* _WHAT IS EXPECTED_
Using the data that follows, output only the lines from the line with "Im Pferdebereich stehen" up to and including the line with "Очень стильный, элегантный", exactly, leaving pictures aside.

* _MATERIAL SHOWN_
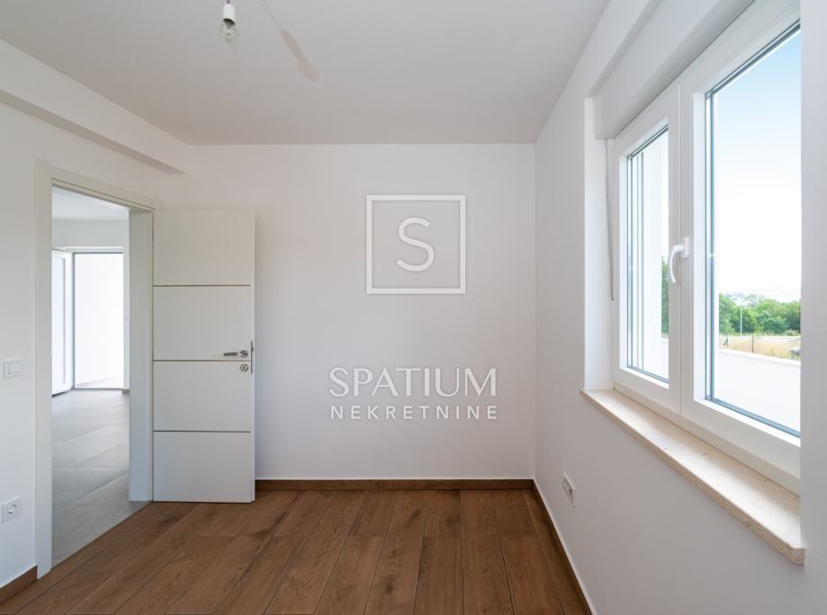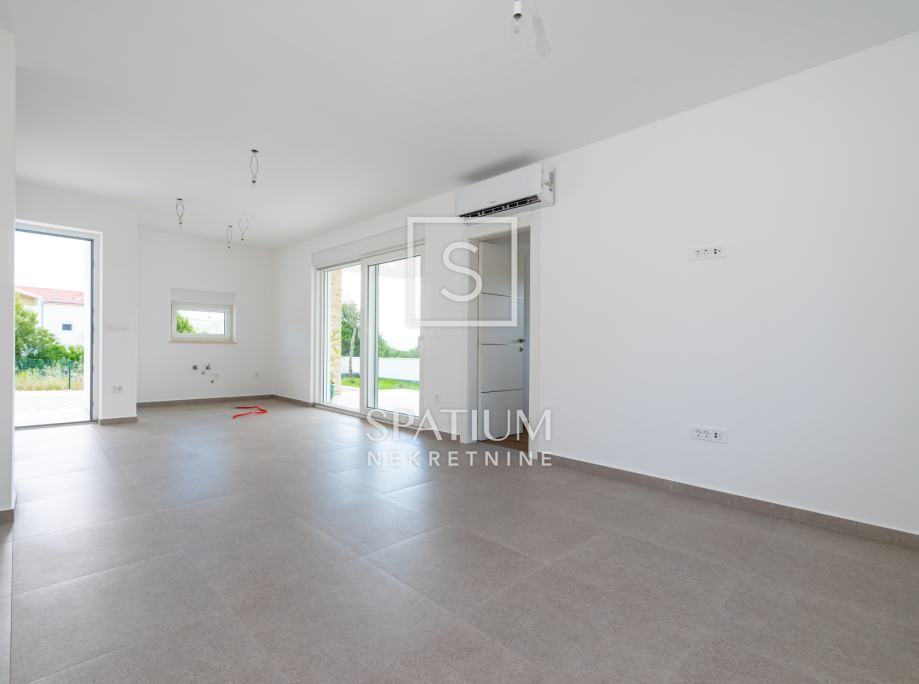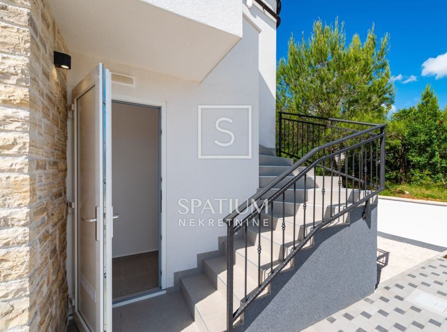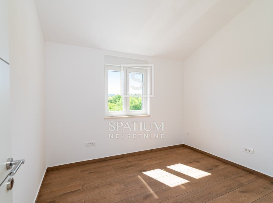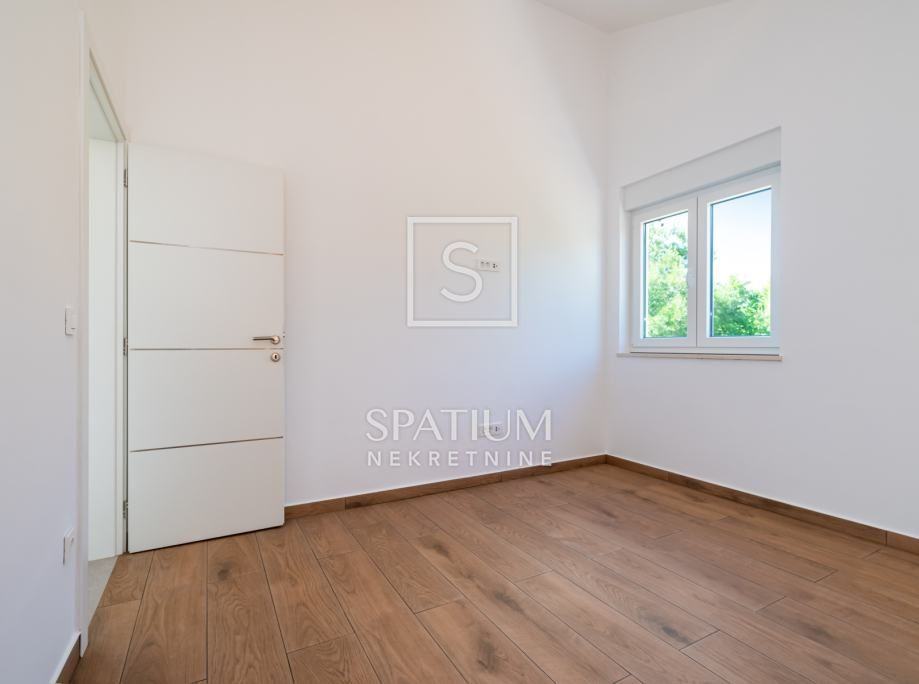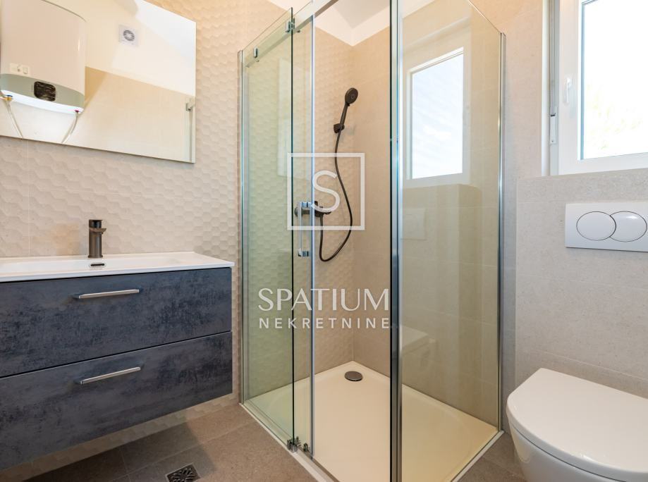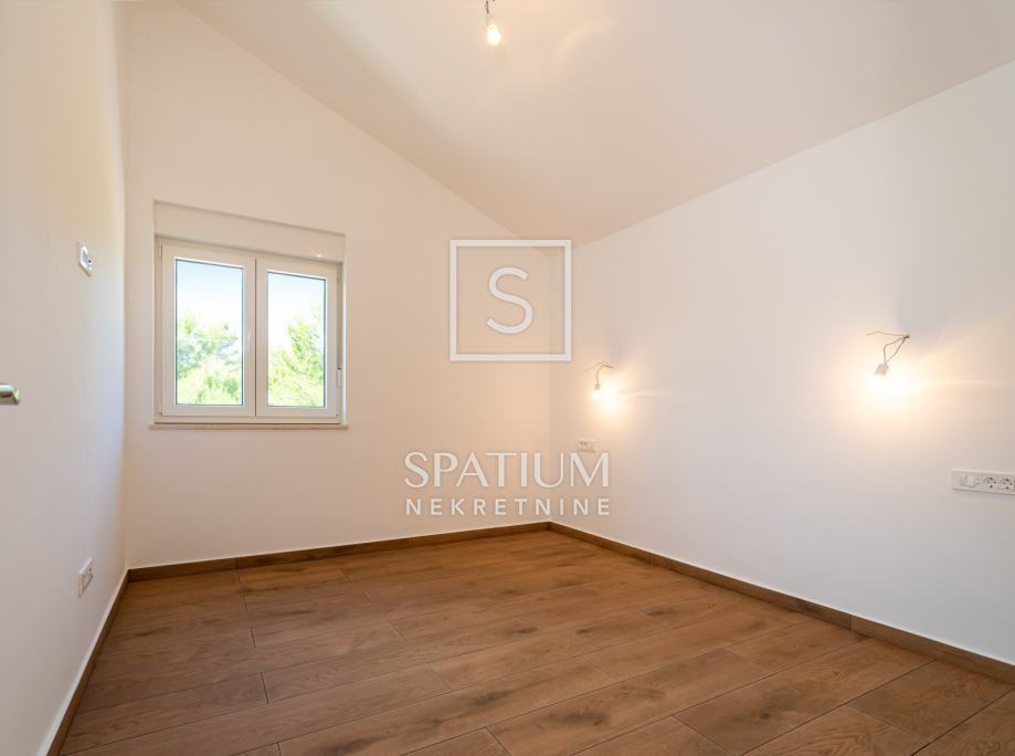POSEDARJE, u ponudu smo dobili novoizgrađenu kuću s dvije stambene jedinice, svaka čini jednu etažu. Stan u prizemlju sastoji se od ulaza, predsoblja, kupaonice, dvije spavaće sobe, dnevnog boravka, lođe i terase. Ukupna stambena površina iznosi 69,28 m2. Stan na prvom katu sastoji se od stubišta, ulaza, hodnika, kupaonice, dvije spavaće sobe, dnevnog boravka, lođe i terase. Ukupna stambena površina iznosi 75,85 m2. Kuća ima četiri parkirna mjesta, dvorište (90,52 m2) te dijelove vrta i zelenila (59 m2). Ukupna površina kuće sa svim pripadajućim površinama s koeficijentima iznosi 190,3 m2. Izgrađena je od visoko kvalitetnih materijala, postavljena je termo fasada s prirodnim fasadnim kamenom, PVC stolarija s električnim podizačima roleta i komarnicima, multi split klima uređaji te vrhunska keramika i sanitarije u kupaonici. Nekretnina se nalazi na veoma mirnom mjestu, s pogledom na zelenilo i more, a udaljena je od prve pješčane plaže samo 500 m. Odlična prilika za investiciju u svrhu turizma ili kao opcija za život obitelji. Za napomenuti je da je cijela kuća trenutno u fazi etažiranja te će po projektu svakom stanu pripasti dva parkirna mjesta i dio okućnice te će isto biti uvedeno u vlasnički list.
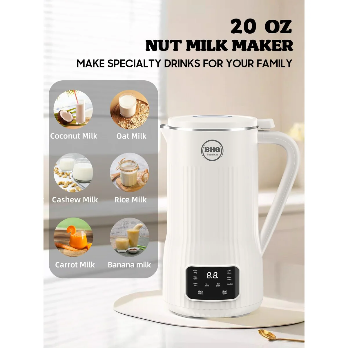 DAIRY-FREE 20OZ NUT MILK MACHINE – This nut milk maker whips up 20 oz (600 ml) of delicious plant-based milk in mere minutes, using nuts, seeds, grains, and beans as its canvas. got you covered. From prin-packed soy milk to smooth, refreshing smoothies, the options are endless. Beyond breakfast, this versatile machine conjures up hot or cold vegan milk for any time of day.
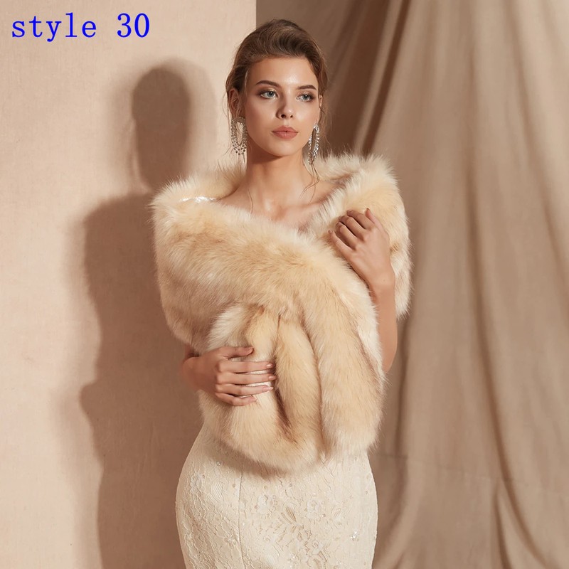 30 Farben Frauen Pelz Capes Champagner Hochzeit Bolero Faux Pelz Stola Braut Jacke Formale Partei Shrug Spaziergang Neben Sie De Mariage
==
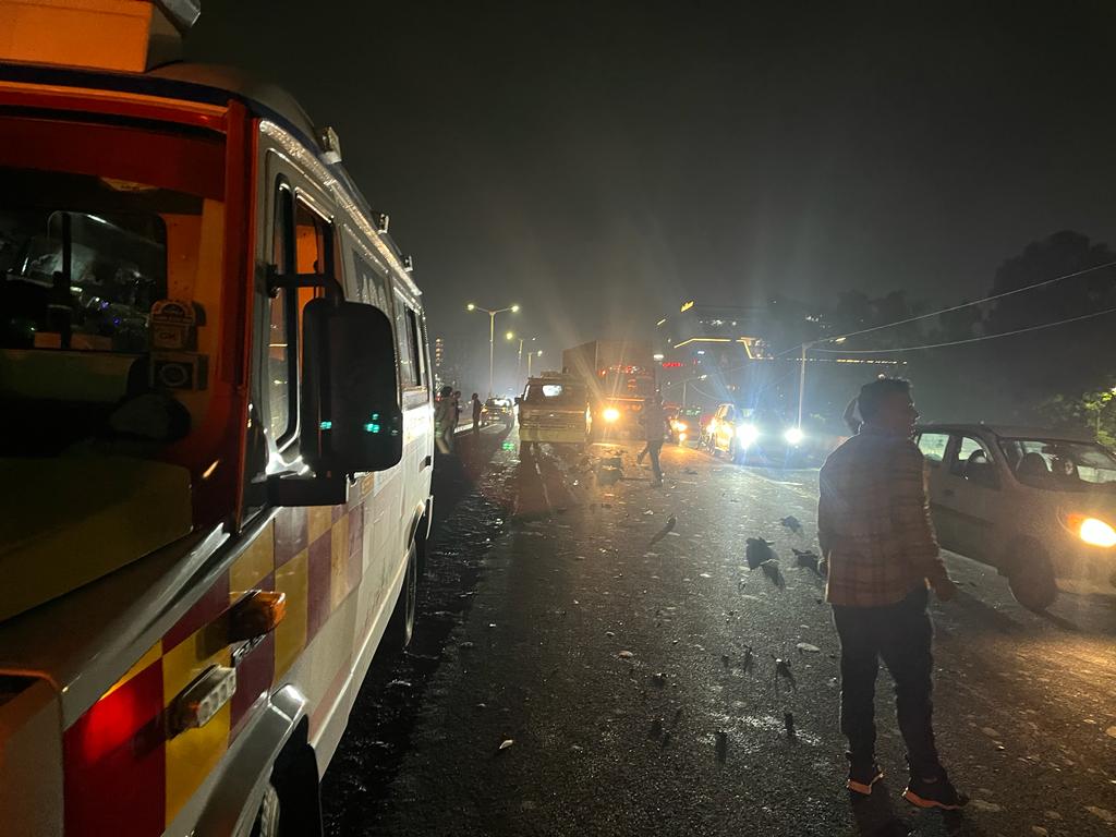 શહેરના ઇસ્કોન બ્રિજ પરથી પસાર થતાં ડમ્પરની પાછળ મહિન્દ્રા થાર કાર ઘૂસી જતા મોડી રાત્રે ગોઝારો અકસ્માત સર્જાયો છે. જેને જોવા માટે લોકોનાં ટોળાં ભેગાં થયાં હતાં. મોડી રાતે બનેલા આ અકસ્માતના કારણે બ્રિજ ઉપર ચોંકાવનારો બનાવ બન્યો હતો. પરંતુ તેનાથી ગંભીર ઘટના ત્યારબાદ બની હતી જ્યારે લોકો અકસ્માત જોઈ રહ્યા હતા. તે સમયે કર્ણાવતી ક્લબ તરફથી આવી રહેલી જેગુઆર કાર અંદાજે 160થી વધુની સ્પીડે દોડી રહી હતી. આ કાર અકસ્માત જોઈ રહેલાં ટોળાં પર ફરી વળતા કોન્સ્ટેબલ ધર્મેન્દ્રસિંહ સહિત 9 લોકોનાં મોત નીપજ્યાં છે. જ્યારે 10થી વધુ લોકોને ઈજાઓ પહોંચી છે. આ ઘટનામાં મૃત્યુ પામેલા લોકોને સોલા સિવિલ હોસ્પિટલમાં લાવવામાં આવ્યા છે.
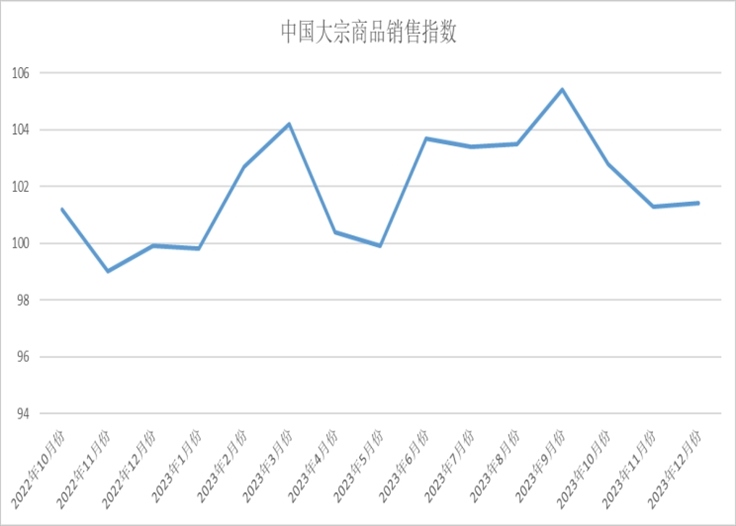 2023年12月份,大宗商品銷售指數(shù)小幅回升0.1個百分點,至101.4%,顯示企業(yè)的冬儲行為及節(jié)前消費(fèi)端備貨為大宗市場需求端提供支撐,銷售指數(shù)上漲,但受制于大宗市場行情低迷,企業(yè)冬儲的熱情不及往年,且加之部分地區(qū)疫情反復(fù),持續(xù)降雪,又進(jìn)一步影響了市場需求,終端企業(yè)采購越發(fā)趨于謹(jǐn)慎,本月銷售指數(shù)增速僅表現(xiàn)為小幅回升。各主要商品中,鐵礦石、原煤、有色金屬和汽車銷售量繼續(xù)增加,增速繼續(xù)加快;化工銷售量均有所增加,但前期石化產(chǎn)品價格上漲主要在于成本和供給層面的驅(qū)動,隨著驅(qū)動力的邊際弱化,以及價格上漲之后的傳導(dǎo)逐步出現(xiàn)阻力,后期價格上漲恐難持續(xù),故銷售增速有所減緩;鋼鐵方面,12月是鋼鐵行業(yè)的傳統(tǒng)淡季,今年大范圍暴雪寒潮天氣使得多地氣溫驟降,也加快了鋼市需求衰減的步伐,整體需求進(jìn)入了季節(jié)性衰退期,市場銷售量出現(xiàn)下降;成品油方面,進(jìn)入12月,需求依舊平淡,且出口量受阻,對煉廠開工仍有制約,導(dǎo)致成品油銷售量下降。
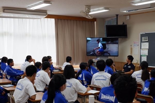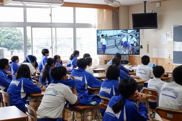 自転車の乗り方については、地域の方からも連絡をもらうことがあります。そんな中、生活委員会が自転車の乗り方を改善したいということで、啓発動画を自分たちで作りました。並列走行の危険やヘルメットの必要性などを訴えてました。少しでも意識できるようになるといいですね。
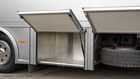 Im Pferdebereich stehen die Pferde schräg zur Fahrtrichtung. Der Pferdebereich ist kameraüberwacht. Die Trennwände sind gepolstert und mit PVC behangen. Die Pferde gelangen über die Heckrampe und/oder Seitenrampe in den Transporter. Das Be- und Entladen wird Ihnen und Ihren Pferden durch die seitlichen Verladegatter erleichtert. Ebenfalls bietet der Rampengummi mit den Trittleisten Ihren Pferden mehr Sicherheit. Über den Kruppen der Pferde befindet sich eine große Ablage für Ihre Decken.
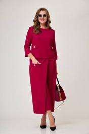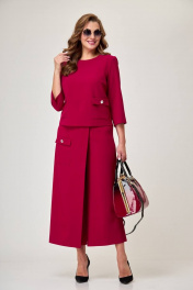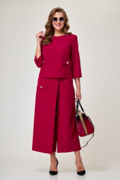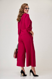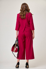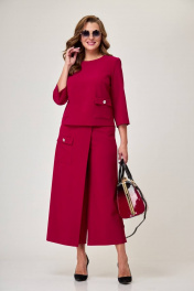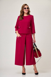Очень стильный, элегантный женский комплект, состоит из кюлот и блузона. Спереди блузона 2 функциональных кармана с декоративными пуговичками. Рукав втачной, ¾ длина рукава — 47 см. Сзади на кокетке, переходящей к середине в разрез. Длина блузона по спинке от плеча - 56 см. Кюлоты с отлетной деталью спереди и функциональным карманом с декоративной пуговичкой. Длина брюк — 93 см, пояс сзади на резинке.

* _ANSWER BOX_
 Im Pferdebereich stehen die Pferde schräg zur Fahrtrichtung. Der Pferdebereich ist kameraüberwacht. Die Trennwände sind gepolstert und mit PVC behangen. Die Pferde gelangen über die Heckrampe und/oder Seitenrampe in den Transporter. Das Be- und Entladen wird Ihnen und Ihren Pferden durch die seitlichen Verladegatter erleichtert. Ebenfalls bietet der Rampengummi mit den Trittleisten Ihren Pferden mehr Sicherheit. Über den Kruppen der Pferde befindet sich eine große Ablage für Ihre Decken.
Очень стильный, элегантный женский комплект, состоит из кюлот и блузона. Спереди блузона 2 функциональных кармана с декоративными пуговичками. Рукав втачной, ¾ длина рукава — 47 см. Сзади на кокетке, переходящей к середине в разрез. Длина блузона по спинке от плеча - 56 см. Кюлоты с отлетной деталью спереди и функциональным карманом с декоративной пуговичкой. Длина брюк — 93 см, пояс сзади на резинке.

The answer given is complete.